A function that can be used for intialization of k-means clustering. Returns a set of centroids where the first one is a data point being the farthest away from the center of the data, and consequent centroids data points of which the minimal distance to the previous set of centroids is maximal.

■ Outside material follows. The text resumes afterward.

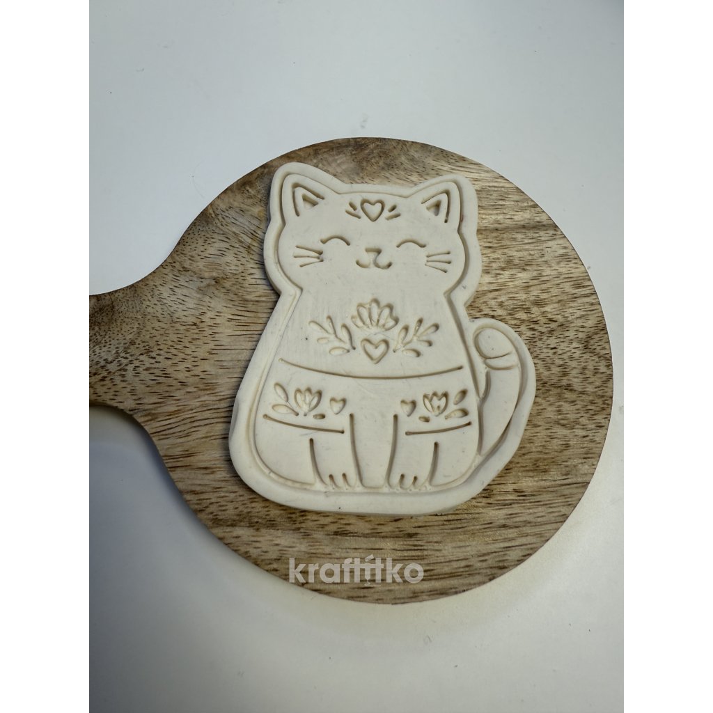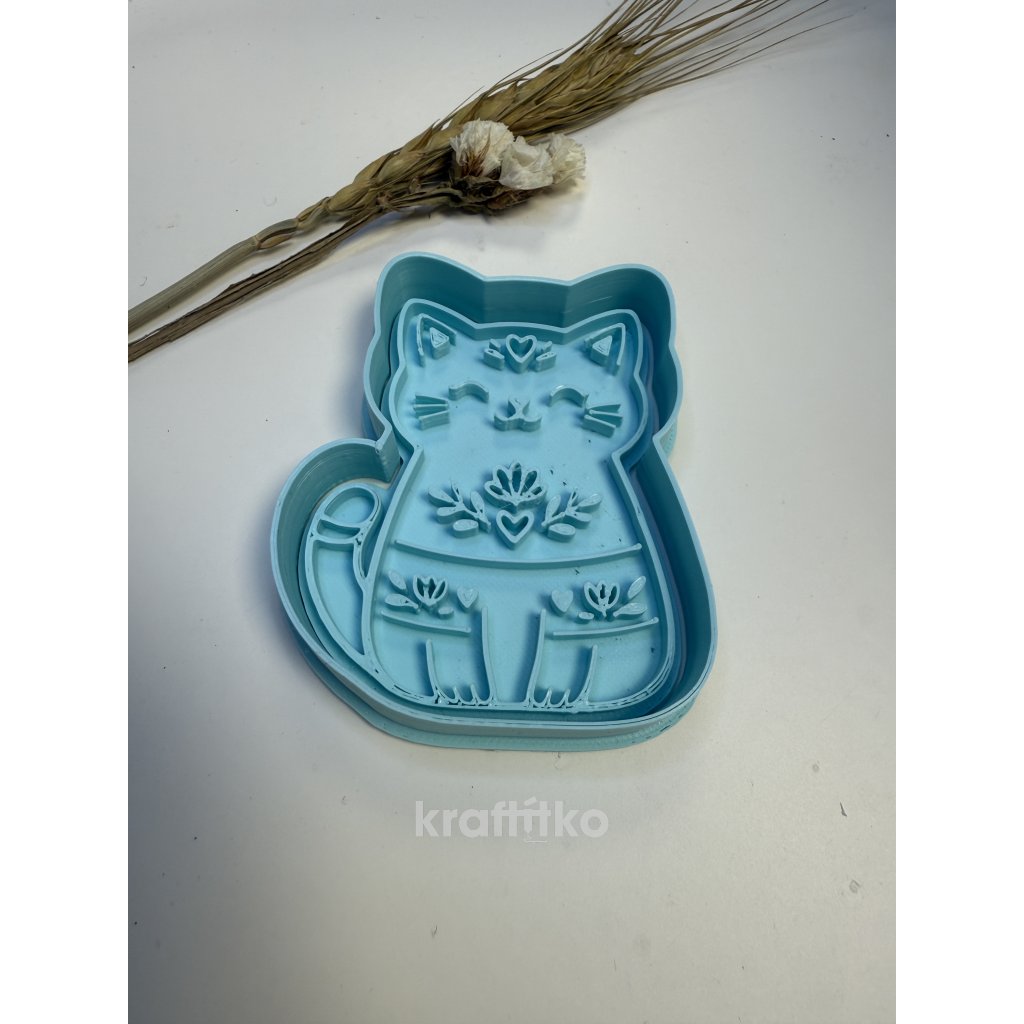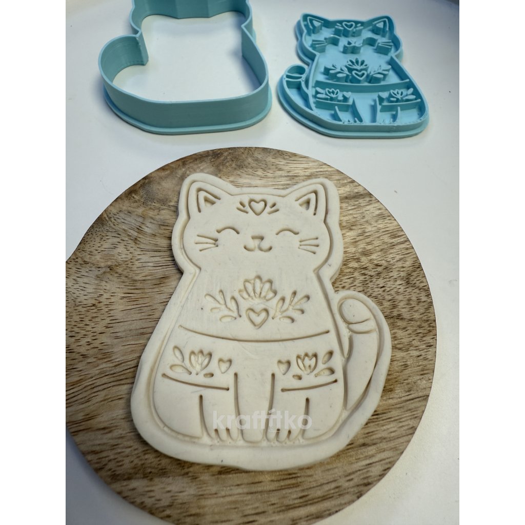 Folklorní kočička vykrajovátko 2v1 - vnější obrysové vykrajovátko a vnitřní otisk

Differs from the initialization proposed by Katsavounidis et al. (1994) only in the selection of the first centroid (where they use a data instance with the highest norm).

Parameters:
  • data (orange.ExampleTable) – data instances.
  • k (integer) – the number of clusters.
  • distfun (Orange.distance.Distance) – a distance function.
class Orange.clustering.kmeans.init_hclustering(n=100)

A class that returns an clustering initialization function that performs hierarhical clustering, uses it to infer k clusters, and computes a list of cluster-based data centers

__call__(data, k, disfun)
Parameters:
  • data (orange.ExampleTable) – data instances.
  • k (integer) – the number of clusters.
  • distfun (Orange.distance.Distance) – a distance function.
__init__(n=100)
Parameters:n (integer) – number of data instances to sample.
static kmeans.plot_silhouette(km, filename=tmp.png, fast=False)

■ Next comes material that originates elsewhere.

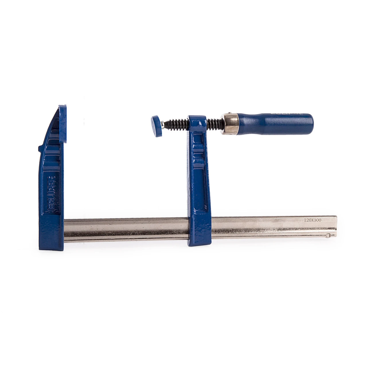The Eclipse EC-SCR12 12 Inch Screw Clamp has a 120mm throat depth. These clamps are manufactured to DIN5117 with an average clamping force of 300kgf. The sliding head quickly sets the clamp to the required capacity, whilst the serrated grooves on the corrosion resistant nickel-plated bar prevent slippage in use. The cast iron malleable heads offer maximum strength and the wooden handle provides a firm and comfortable grip.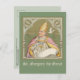 On 3 September 590, a fiftyish Benedictine monk was elected 64th Pope by unanimous acclamation. He was to become known as Pope St. Gregory the Great (c. 540-12 March 604). Here, St. Gregory is shown wearing formal papal regalia—a gold triple crown tiara, an elaborate pectoral cross, and a purplish pink ‘mantum’ or long cope with a gold-coloured lining over a white, floor-length linen tunic or alb. In his white-gloved hands, he holds pen and scroll. A white dove representing the Holy Spirit whispers in his ear, divinely inspiring his writings. The scene takes place in an alcove under a slightly pointed stone arch and against a green and gold brocade curtain suspended from a rod. The whole is meant to recall what was seen by his secretary St. Philip the Deacon, who peeked behind just such a curtain when St. Gregory repeatedly paused at length while giving dictation. The artwork does not represent the incident per se; rather, it compresses several ideas at once—the grandeur of the Mediaeval papacy, St. Gregory’s importance as writer—he is one of the Four Great Doctors of the Latin Church, and his miraculous inspiration. + Pope St. Gregory is patron saint of teachers and students, and musicians and singers (but that’s another story!). + Feast: September 3 +

Saves a silhuette plot to filename, showing the distributions of silhouette scores in clusters. kmeans is a k-means clustering object. If fast is True use score_fast_silhouette to compute scores instead of score_silhouette.

Parameters:
static kmeans.score_distance_to_centroids(km)

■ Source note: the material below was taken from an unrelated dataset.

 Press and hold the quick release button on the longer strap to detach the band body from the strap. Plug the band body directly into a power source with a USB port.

Returns an average distance of data instances to their associated centroids.

Parameters:km (KMeans) – a k-means clustering object.
static kmeans.score_silhouette(km, index=None)

Returns an average silhouette score of data instances.

Parameters:
  • km (KMeans) – a k-means clustering object.
  • index (integer) – if given, the functon returns just the silhouette score of that particular data instance.
static kmeans.score_fast_silhouette(km, index=None)

Same as score_silhouette, but computes an approximation and is faster.

Parameters:km (KMeans) – a k-means clustering object.

Typically, the choice of seeds has a large impact on the k-means clustering, with better initialization methods yielding a clustering that converges faster and finds more optimal centroids. The following code compares three different initialization methods (random, diversity-based and hierarchical clustering-based) in terms of how fast they converge (kmeans-cmp-init.py):

import random
import Orange

data_names = ["iris", "housing", "vehicle"]
data_sets = [Orange.data.Table(name) for name in data_names]

print "%10s %3s %3s %3s" % ("", "Rnd", "Div", "HC")
for data, name in zip(data_sets, data_names):
    random.seed(42)
    km_random = Orange.clustering.kmeans.Clustering(data, centroids = 3)
    km_diversity = Orange.clustering.kmeans.Clustering(data, centroids = 3,
        initialization=Orange.clustering.kmeans.init_diversity)
    km_hc = Orange.clustering.kmeans.Clustering(data, centroids = 3,
        initialization=Orange.clustering.kmeans.init_hclustering(n=100))
    print "%10s %3d %3d %3d" % (name, km_random.iteration, km_diversity.iteration, km_hc.iteration)

As expected, k-means converges faster with diversity and clustering-based initialization that with random seed selection:

        Rnd Div  HC
   iris  12   3   4
housing  14   6   4
vehicle  11   4   3

The following code computes the silhouette score for k=2..7 and plots a silhuette plot for k=3 (kmeans-silhouette.py):

import Orange

voting = Orange.data.Table("voting")
# table = Orange.data.Table("iris")

for k in range(2, 8):
    km = Orange.clustering.kmeans.Clustering(voting, k, initialization=Orange.clustering.kmeans.init_diversity)
    score = Orange.clustering.kmeans.score_silhouette(km)
    print k, score

km = Orange.clustering.kmeans.Clustering(voting, 3, initialization=Orange.clustering.kmeans.init_diversity)
Orange.clustering.kmeans.plot_silhouette(km, "kmeans-silhouette.png")

The analysis suggests that k=2 is preferred as it yields the maximal silhouette coefficient:

2 0.629467553352
3 0.504318855054
4 0.407259377854
5 0.358628975081
6 0.353228492088
7 0.366357876944
../../../_images/kmeans-silhouette.png

Silhouette plot for k=3.